Tutte le aziende attive nei settori del commercio al dettaglio, del commercio all’ingrosso, dei pubblici esercizi e dei servizi in Umbria, con almeno 6 dipendenti, possiedono almeno un pc.
Il 77,2% di quelle totali ha un computer; il 71,8% ha un accesso ad Internet e il 51,4% utilizza un server.
E’ quanto emerge dalla ricerca “Il Digital Divide nella micro e piccola impresa italiana” di Confcommercio Umbria in collaborazione con Assintel (l’Associazione nazionale delle imprese ICT aderente a Confcommercio).
La penetrazione del pc fra le imprese del terziario umbro è tuttavia in ritardo rispetto alle altre regioni del Centro (79.9%), seppur superiore rispetto alla media nazionale.

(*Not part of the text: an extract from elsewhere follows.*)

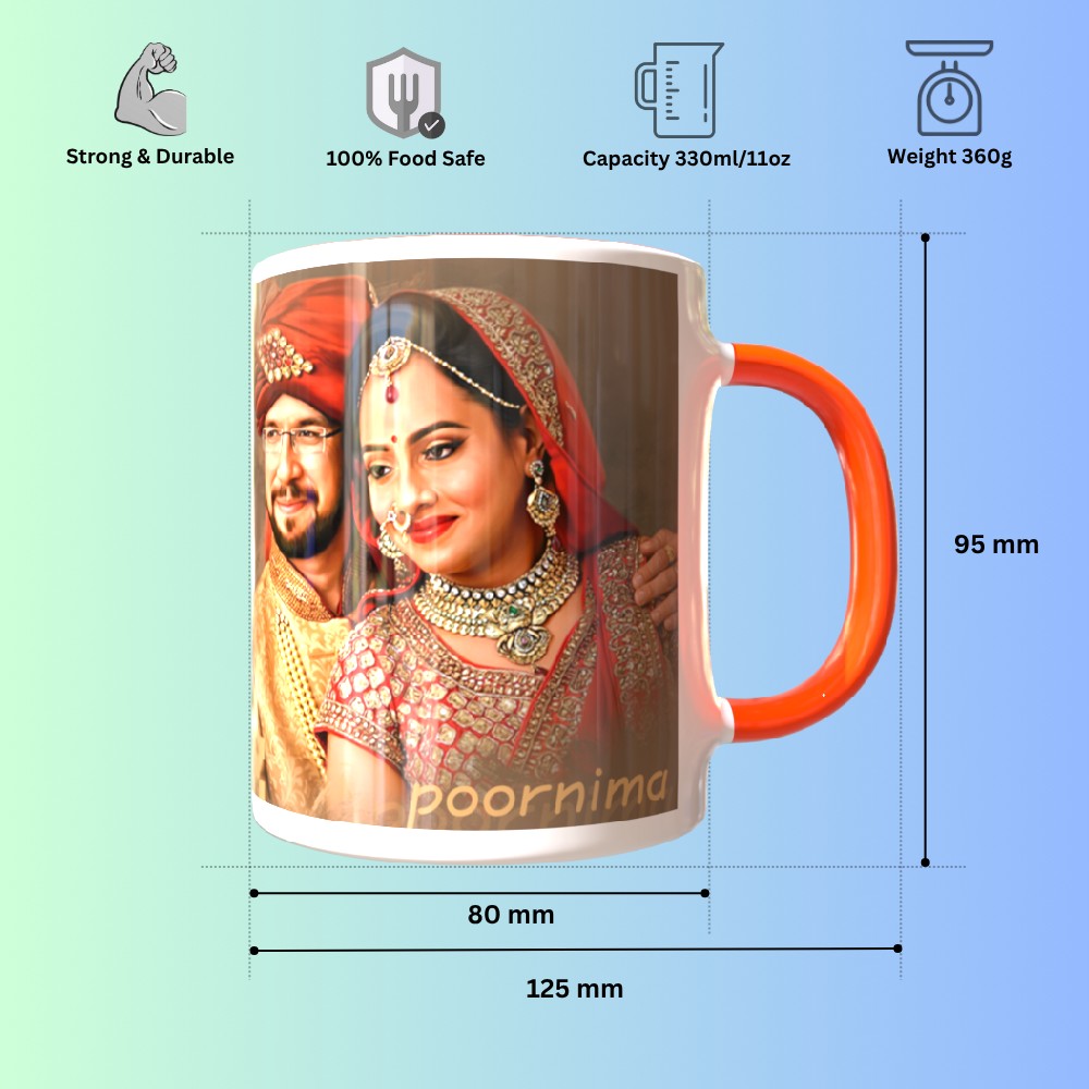 Celebrate special moments with our TPD83RHM3 Orange Round Handle Mug, thoughtfully designed for anniversary surprises. This elegant and sturdy ceramic mug is perfect for showcasing your unique memories with custom photo and text printing options. Whether it's a heartfelt birthday wish, an anniversary date, or a fun cartoon for kids, your designs will shine on this glossy finish. The ergonomic round handle ensures a comfortable grip, making it a daily favorite for sipping tea, coffee, or hot chocolate. Ideal for gifting or daily use, our mugs are microwave and dishwasher safe, ensuring long-lasting prints and durability. Customize it with your artwork or a favorite quote to turn a simple mug into a cherished keepsake. Make every sip memorable with a gift that blends function, creativity, and emotion. Order now and create a personalized treasure that delights every time!

Le aziende del commercio all’ingrosso sono le più informatizzate: l’85,4% ne possiede almeno uno. Seguono i servizi (79,2%) e, a grande distanza, le aziende del commercio al dettaglio (66,6%) e i pubblici esercizi (64,7%).
La dinamica è identica per quanto riguarda l’accesso ad Internet: il 71,8% delle aziende accede al web, contro il 68,7% a livello nazionale e il 72,5% del Centro. Hanno un server il 51,4% delle aziende umbre, contro una media nazionale del 46,8% e un valore di 53,4% per il Centro Italia.
Confcommercio Umbria nel chiederepolitiche di incentivazione per fare in modo che tutte le imprese abbiano accesso alle nuove tecnologie e integrino l’uso dell’informatica nei processi produttivi”, ha invitato i piccoli imprenditori umbri a investire di più in nuove tecnologie, che sono uno degli elementi più importanti per colmare il divario tra piccole (in Umbria il 97,5%) e grandi imprese e quindi per salvare la “regionalità” del commercio.